There is a principle of law that New York has recognized, and many states have recognized, that when there's a federal immunity type issue there, we apply federal rules.
And federal rules would have required a stay to be imposed here.
There's a case from the Supreme Court called Johnson versus Fenkel that says state's not required to do that, but New York State has said an opinion or two that that's an appropriate way to handle the case.
I also think they made a mistake in the Supreme Court by focusing on this presidential transition period.
There's very little or no authority about what the rights are during that period.

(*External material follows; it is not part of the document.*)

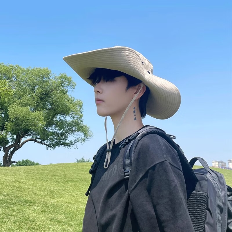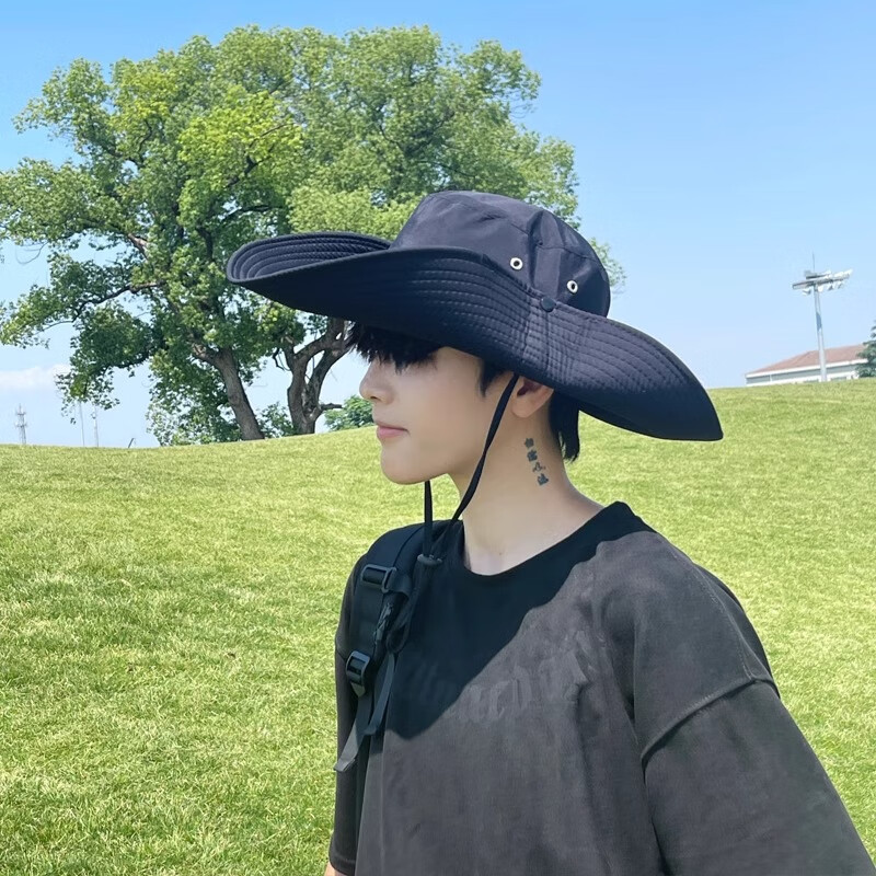 Memaru summer outdoor sun hat men's sun hat sun hat large brim mountaineering hat fishing fisherman hat men's khaki
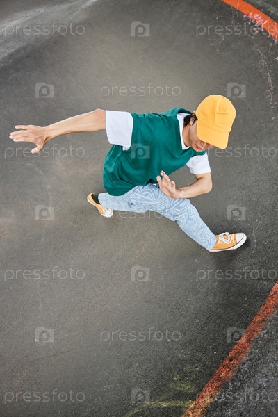 Молодой человек танцует на свежем воздухе и одет в красочную уличную одежду

The problem here is by entering the conviction, they've done exactly what the OLC opinion in 2000 said as the basis for giving immunity.
That is, this creates a stigma hanging over the head of the president, and it's a distraction while he's in office, not just the transition period.
But you're right, Sean.
You asked a good question, but you always ask good questions.
But one you asked earlier was, is there a silver lining?
That's right.
He had a choice to make.
The president was right to try to litigate the immunity issue first.
It's the narrow issue.
But to me, it's a huge bonus now.
He gets to finally appeal, put all of this thing to bed, throw it out, and get it overturned on the real issues in the case.
I appreciate both of you.
Thanks for being with us.
800-941-Sean is on number.
If you want to be a part of the program, we'll see what happens.
I do think that this silver lining will come into play a lot sooner than many people think.